§ WHAT THE TASK REQUIRES: Return the listing below unchanged, but without pictures.

§ DATA BELOW:
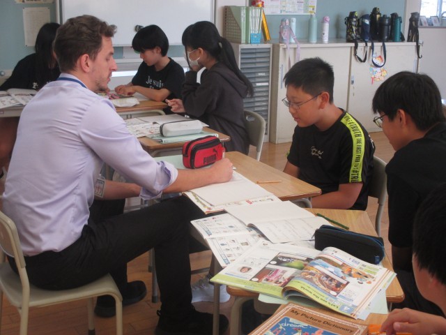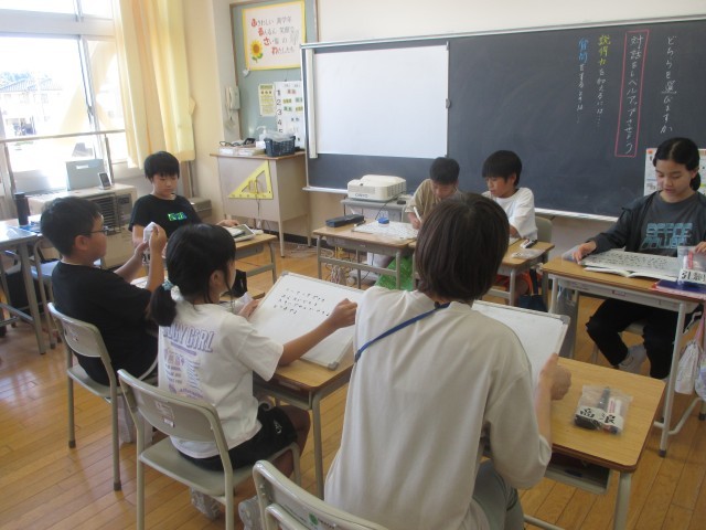 5年生の国語科では、テーマに沿って考えを伝え合う学習を行いました。テーマごとに話合いが盛り上がり、説得力のある伝え方について考えていました。6年生の外国語科では、ALTに夏休みの思い出を英語で伝えました。学習した過去の表現を使って、思い出を伝えることができました。
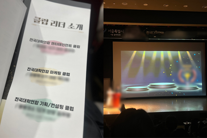 단순히 웹사이트 구조가 우연히 닮은 것이었을까. 한재연 씨는 지난해 8월 열린 동아리 연합 행사에서 이상함을 느꼈다고 전했다. 당시 행사장에는 김예원 씨와 최승희 씨가 속한 마케팅(A)과 엔터테인먼트(B)뿐만 아니라 기획(C)까지 전혀 다른 간판을 내건 3개의 연합동아리가 한자리에 모였다. 한 씨는 "원래는 A 연합동아리만의 고유 행사로 알고 있었는데, 주최 측에서 '이번에는 여러 동아리가 연합해 스케일을 키웠다'고 홍보했다"며 "현장에서 3개 연합동아리가 같은 시스템으로 운영되고 있다는 걸 알게됐다"고 설명했다.
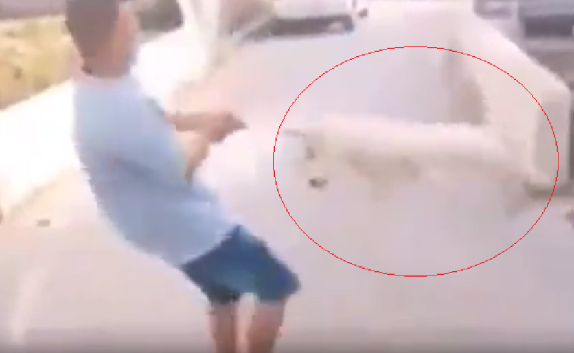 Së fundmi në rrjetet sociale po qarkullon një video, ku tregon një të ri, i cili ka lidhur qenin me tel nga qafa dhe e rrotullon në ajër.

§ PROBLEM SOLUTION:
 5年生の国語科では、テーマに沿って考えを伝え合う学習を行いました。テーマごとに話合いが盛り上がり、説得力のある伝え方について考えていました。6年生の外国語科では、ALTに夏休みの思い出を英語で伝えました。学習した過去の表現を使って、思い出を伝えることができました。
 단순히 웹사이트 구조가 우연히 닮은 것이었을까. 한재연 씨는 지난해 8월 열린 동아리 연합 행사에서 이상함을 느꼈다고 전했다. 당시 행사장에는 김예원 씨와 최승희 씨가 속한 마케팅(A)과 엔터테인먼트(B)뿐만 아니라 기획(C)까지 전혀 다른 간판을 내건 3개의 연합동아리가 한자리에 모였다. 한 씨는 "원래는 A 연합동아리만의 고유 행사로 알고 있었는데, 주최 측에서 '이번에는 여러 동아리가 연합해 스케일을 키웠다'고 홍보했다"며 "현장에서 3개 연합동아리가 같은 시스템으로 운영되고 있다는 걸 알게됐다"고 설명했다.
 Së fundmi në rrjetet sociale po qarkullon një video, ku tregon një të ri, i cili ka lidhur qenin me tel nga qafa dhe e rrotullon në ajër.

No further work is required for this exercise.